Five mouse cohorts were prepared for this study (Fig. 2b):
LacZ
AAV8-LacZ and AAV8-fDIO-mCherry were injected into the sensorimotor cortex, while AAVretro-Flpo was injected into the C5 spinal cord of RhoAf/f;Ptenf/f mice. In this cohort, mCherry will be expressed in CSNs projecting to the C5 spinal cord.
LacZDCZ
AAV8-LacZ and AAV8-fDIO-mCherry were injected into the sensorimotor cortex, while AAVretro-Flpo and AAV8-DIO-hM3Dq-mCherry were injected into the cervical spinal cord of RhoAf/f;Ptenf/f mice. This cohort will express mCherry in CSNs projecting to the C5 spinal cord. The DREADD agonist, deschloroclozapine (DCZ; MCE, HY-42110), was intraperitoneally (i.p.) injected after the SCI.
Double conditional knock out (dcKO)
AAV8-fDIO-Cre and AAV8-fDIO-mCherry were injected into the sensorimotor cortex, and AAVretro-Flpo was injected into the cervical spinal cord of RhoAf/f;Ptenf/f mice. In this cohort, RhoA;Pten are deleted and mCherry will be expressed in CSNs projecting to the C5 spinal cord.
Double conditional knock out with hM3Dq with administration of water (dcKOhM3Dq and water)
AAV8-fDIO-Cre and AAV8-fDIO-mCherry were injected into the sensorimotor cortex, and AAVretro-Flpo and AAV8-DIO-hM3Dq-mCherry were injected into the cervical spinal cords of RhoAf/f;Ptenf/f mice. RhoA;Pten are deleted in this cohort, and hM3Dq and mCherry will be expressed in CSNs projecting to the C5 spinal cord. Water was i.p. injected after the SCI.
Double conditional knock out with hM3Dq with administration of DCZ (dcKOhM3Dq and DCZ)
AAV8-fDIO-Cre and AAV8-fDIO-mCherry were injected into the sensorimotor cortex, and AAVretro-Flpo and AAV8-DIO-hM3Dq-mCherry were injected into the cervical spinal cords of RhoAf/f;Ptenf/f mice. In this cohort, RhoA;Pten are deleted, and hM3Dq and mCherry will be expressed in CSNs projecting to the C5 spinal cord. DCZ was i.p. injected after SCI.
The LacZ and LacZDCZ groups were prepared as control groups in which RhoA;Pten are not deleted and excitatory DREADD is not expressed in the CST due to the lack of Cre (Fig. 2b). The dcKO group only expresses the conditional KO (Fig. 2b). The dcKOhM3Dq and water and dcKOhM3Dq and DCZ groups both express the conditional KO with excitatory DREADD, but the dcKOhM3Dq and water receives i.p. injections of water via a 30 G syringe which does not activate the DREADD receptor (Fig. 2b).

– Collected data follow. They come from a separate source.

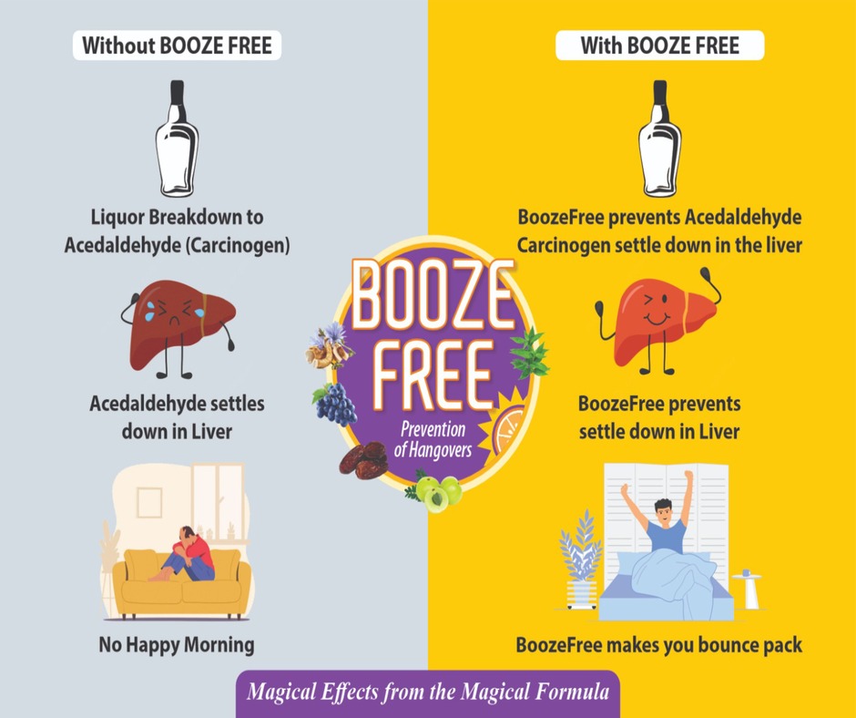 Say goodbye to hangovers with BOOZEFREE—your ultimate hangover cure. For more information and to purchase, click the link https://amzn.in/d/5wJEHlz
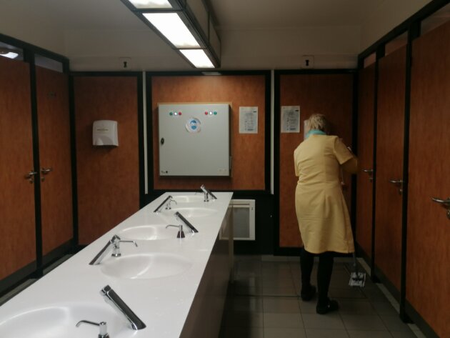 « Trois fois par jour, on devait fermer les toilettes publiques durant 30 minutes pour les désinfecter complètement. Les toilettes étaient donc fermées de 10h à 10h30, de 12h à 13h et de 16h à 16h30. Les gens se sont plaints car le temps d’attente était trop long. On a donc décidé d’arrêter ce protocole sanitaire. Maintenant les agents d’entretien désinfectent les toilettes tout au long de la journée. »
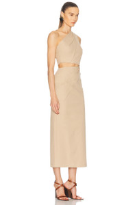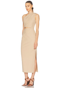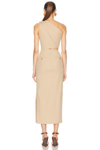 Details - Self: 94% cotton, 6% elastane - Lining: 95% acetate, 5% elastane - Made in Italy - Hand wash - Partially lined - Hidden side zipper closure - Back welt pockets with button closures - One-shoulder styling - Twill fabric with cut-out detail at waist - Our Style No. MAXM-WD30 - Manufacturer Style No. 2511221233600
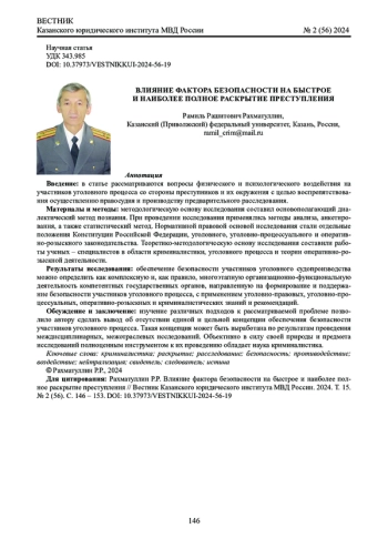 10. Богинский М.М. Механизм обеспечения безопасности личности как гарантия нейтрализации противоправного воздействия процессу производства по уголовному делу: автореф. дис. … канд. юрид. наук: 5.1.4. Казань, 2023. 24 с. EDN: NFWDTA
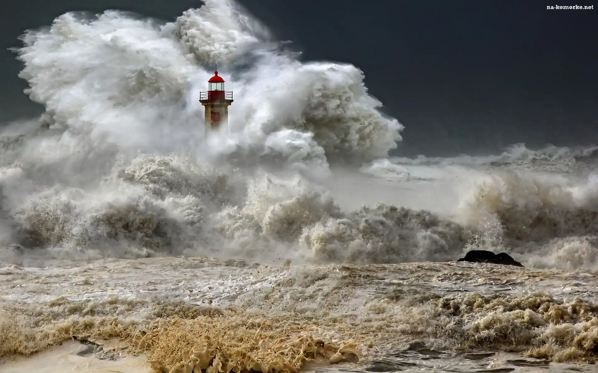 Sztorm, Latarnia, Morska, Morze, Fale na Komórkę
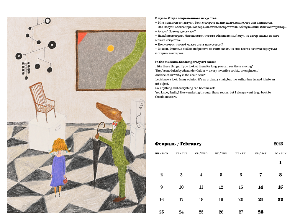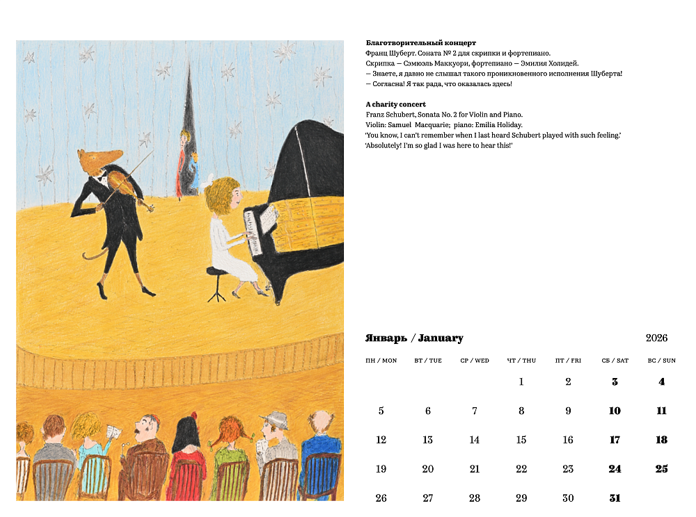 В календаре представлены страницы из иллюстрированной книги о дружбе и приключениях юной Эмили Холидей и ученого-антрополога из Австралии Сэмюэля Маккуори. Книга будет издана в 2026 году.
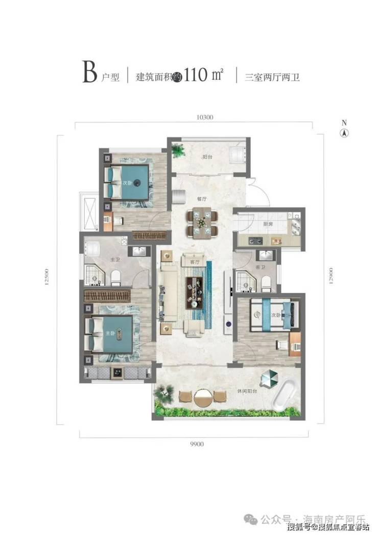 B 户型110㎡三室两厅两卫
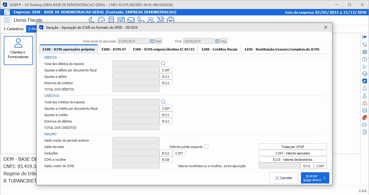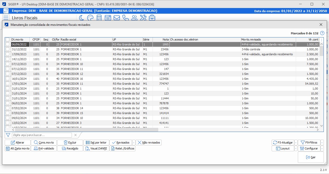 • Manutenção livre em qualquer período que não tenha sido apurada a geração de impostos, permitindo inclusão, alteração e exclusão de movimentos

Two to three weeks after bilateral AAV injections, lesions were made in the C5 spinal cord, and mice were subjected to weekly grid-walking tests starting 1 week post-SCI (Fig. 2c). Starting the day after injury, DCZ was i.p. injected with a 30 G syringe into LacZDCZ and dcKOhM3Dq and DCZ mice twice a day at a concentration of 100 µg/kg (Nagai et al., 2020; Nentwig et al., 2022). Injections continued until 42 DPI. On the days when mice were subjected to their weekly grid-walking tests, DCZ was administered twice daily after each test. To confirm whether hM3Dq was affecting behavior in the hM3Dq-expressing mice, an additional week of grid-walking tests was performed without DCZ. After the final grid-walking test, the LacZ mice and dcKO mice were transcardially perfused with 4% PFA/PBS, while the LacZDCZ mice, dcKOhM3Dq and water mice, and dcKOhM3Dq and DCZ mice were administered with DCZ and perfused 2–3 h later (Fig. 2c). The brains and spinal cords were then dissected and processed for immunohistochemistry.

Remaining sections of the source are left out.